Impressionou-me muito algo que ouvi numa tese defendida há muito tempo na USP por uma moça chamada Paula Beiguelman sobre os estilos de pensamento no Brasil. Ela distinguia entre o pensamento “conservador”, o pensamento “democrático” – não me lembro exatamente se era isso – e o pensamento “socialista” no século XIX. “Socialista” entre aspas: Nabuco seria o correspondente simbólico do pensamento socialista, “conservador” seria Honório Hermeto Carneiro de Leão, marquês do Paraná, e por aí ia. A certa altura, um dos membros da banca examinadora perguntou a ela: “Mas será que havia um pensamento conservador, ou era apenas o atraso?” A seguir, acrescentou: “A senhora acha que essa gente leu Burke?” Burke se opunha à Revolução Francesa, mas tinha um pensamento; aqui não leram Burke, não são seguidores do Burke, são apenas atrasados.

Aqui temos o que se chama até hoje de conservadorismo, mas é apenas o atraso. Isso não é conservadorismo; o conservadorismo tem uma filosofia, tem um pensamento diante do qual você pode tomar posição. Aqui, esse pensamento simplesmente não se formula. Ou melhor, são vozes isoladas as que formulam e não encontram apoio político.

Se você perguntar a qualquer político ou jornalista ou o que quer que seja, como ele se qualifica, ele em geral responderá que se qualifica como democrata ou social-democrata – agora, já nem se qualificam mais como de esquerda propriamente dita, porque essa também caiu… –. Aliás, essa esquerda também não tem uma filosofia: qual seria atualmente o pensamento de esquerda no Brasil? Há um vago progressismo democrático, mas não propondo mudança nas estruturas.

Em suma, acho que esse é um problema complicado: a falta de pensamento. As pessoas não procuram justificar por que têm tal ou qual posição. Têm uma posição, e às vezes pensam que são conservadores quando são atrasados; outras pensam que são progressistas e estão também equivocadas. Falta clareza no pensamento: você pode não concordar com o positivismo, mas a clareza é fundamental.

A famosa frase do Santayana: “Quem não conhece história está condenado a repeti-la”…

Exatamente. Ou então, imagina-se que se está inaugurando o que já está devassado há muito tempo. Isso me ajudou bastante. Mas também traz dúvidas, muito mais que o político comum costuma ter.

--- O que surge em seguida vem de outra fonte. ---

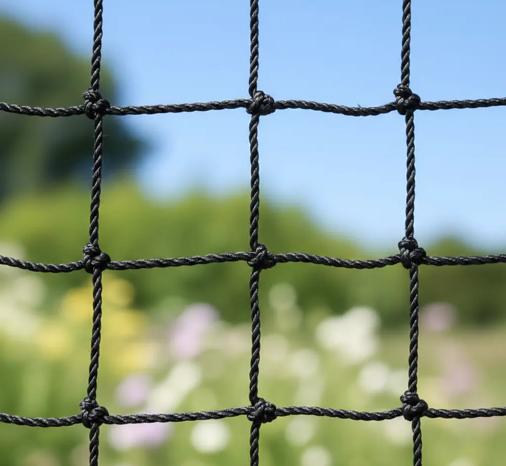 Vijvernet op maat gemaakt per M2, in dit geval een vierkante maas met een wijdte van 1.5 cm x 1.5 cm. Deze netten hebben een 8mm dik randkoord. Gemaakt van een UV gestabiliseerde 1,3mm dikke polyethyleen draad in de kleur zwart.
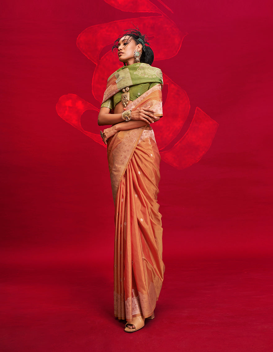Saree Colour : Light Orange || Blouse Colour: Green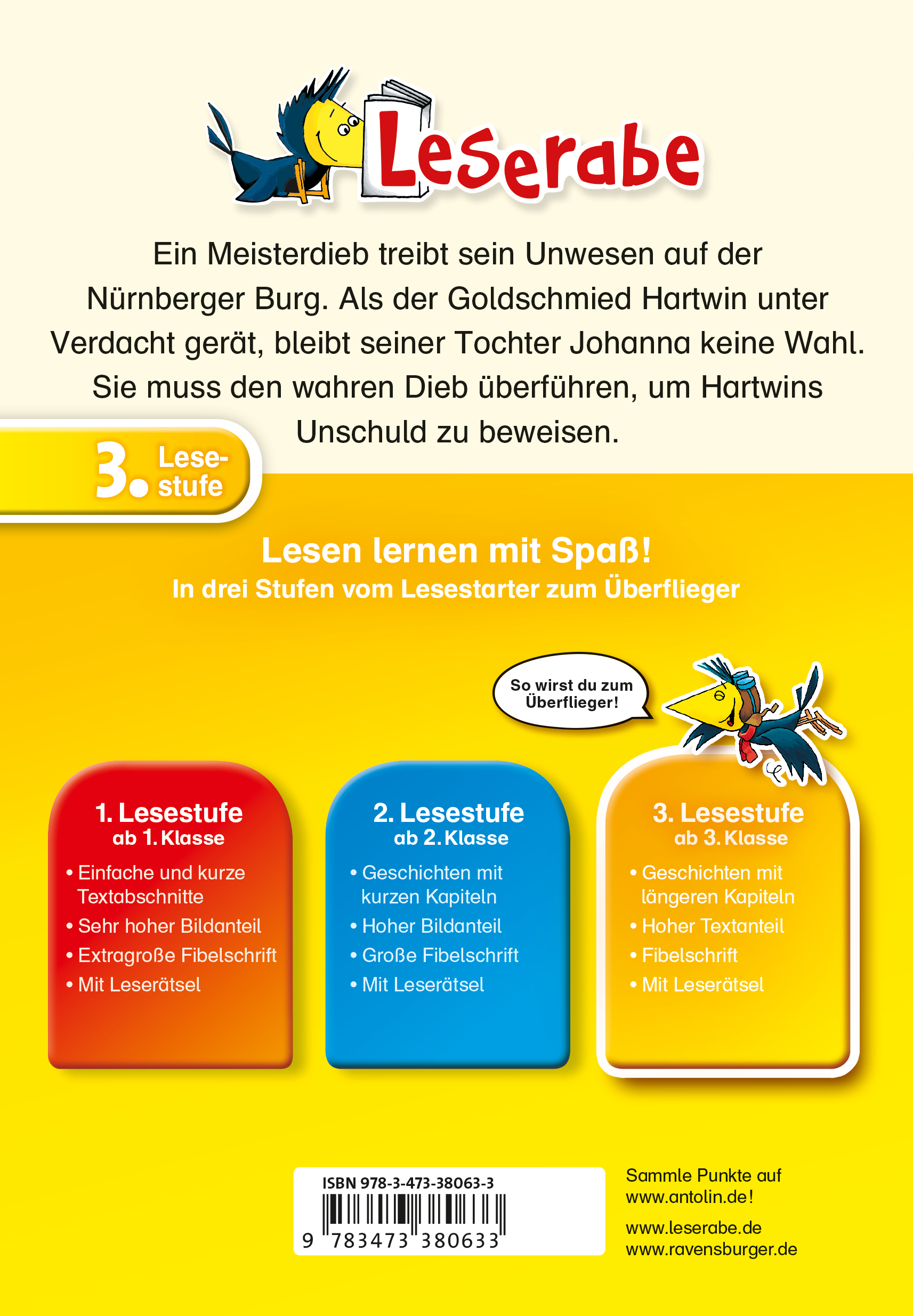 | Schlagworte | 3. Klasse • ab 8 Jahren • Antolin • Antolin (3. Klasse) • Beschäftigung • Broschur • Buch • Bücher • Dieb • Erstlesebuch • Erstlesebücher • Erstleser • Falle • für Jungen • Für Kinder ab 8 Jahre • für Mädchen • Geschenk • Geschenkidee • Geschenk Kinder • Geschichte • Kinderbuch • Kinderbücher • Krimi • Lesen • Lesen lernen • Leserabe • Mädchen • Materialien für Unterrichtsges • Mittelalter • Mittelalter; Kinder-/Jugendlit. • Nürnberg • Ravensburger • Ravensburger erstes lernen • Schulausgabe • Spannung • Überfall • Vater • Zuhause lernen • Zuhause unterrichten |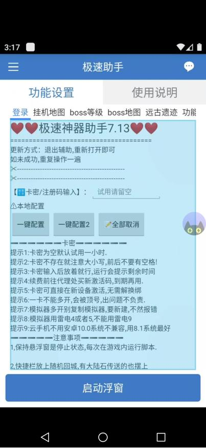 重启好后我们点击极速神器助手,在里面启动吗我们可以输入拿到的卡密(卡密可以在https://m.tb.cn/h.gruJAiDshEF4lbf这里购买),也可以直接点击登录试用一下。

Essas dúvidas são produtivas, mas, algumas vezes, tornam você muito menos assertivo. Lembro-me de que os meus companheiros políticos, o Mário Covas por exemplo, ficavam loucos no começo, porque eu dizia o que realmente achava aos repórteres que vinham perguntar sobre as pesquisas eleitorais, quando o político tem de dizer: “Eu vou ganhar, eu vou ganhar”.

Você também me perguntou como a política influenciou a minha formação. Sempre me interessei muito, como sociólogo, pelo que é novo, discrepante, emergente. Não tenho paciência com o recorrente, com o que se repete: gosto de ver o que está surgindo. E a política tem muito disso: é sempre o imprevisto. O bonito da política é que não tem regras. A toda hora surge uma coisa nova e você tem de se haver com ela. Isso tem vantagens e desvantagens, porque ninguém gosta do novo, as pessoas gostam do que repete, do que já conhecem; reforma, para a maioria, é conversa fiada, pois ninguém gosta de reforma nenhuma, gosta é de manter tudo como está. Em todo o caso, penso que a política me deu uma motivação maior ainda, mais interesses. Acho que esse sentido da política como algo que irrompe de repente fortaleceu o meu lado sociológico de procurar ver o que vai surgir; espero que me tenha dado uma maior acuidade para ver o que é novo.

Quais são os seus modelos? Os heróis no sentido clássico?

Vamos pensar nos contemporâneos com os quais convivi. Há uma pessoa que é fora de série, mas que não está propriamente dentro dos moldes normais de um grande político: é o Nelson Mandela. Pertenço até hoje a um grupo que ele criou, chamado The Elders. O Mandela é uma pessoa curiosa; estive várias vezes com ele, e o que me impressiona não é tanto o que diz nem o que faz, mas o que simboliza. Ele tem uma aura. Alguns a têm, outros não; eu não posso aspirar a tê-la. O Mandela mostra que há um lado moral na política, que é do comportamento, da virtude – real ou atribuída –, e isso pesa. A sua presença é mágica.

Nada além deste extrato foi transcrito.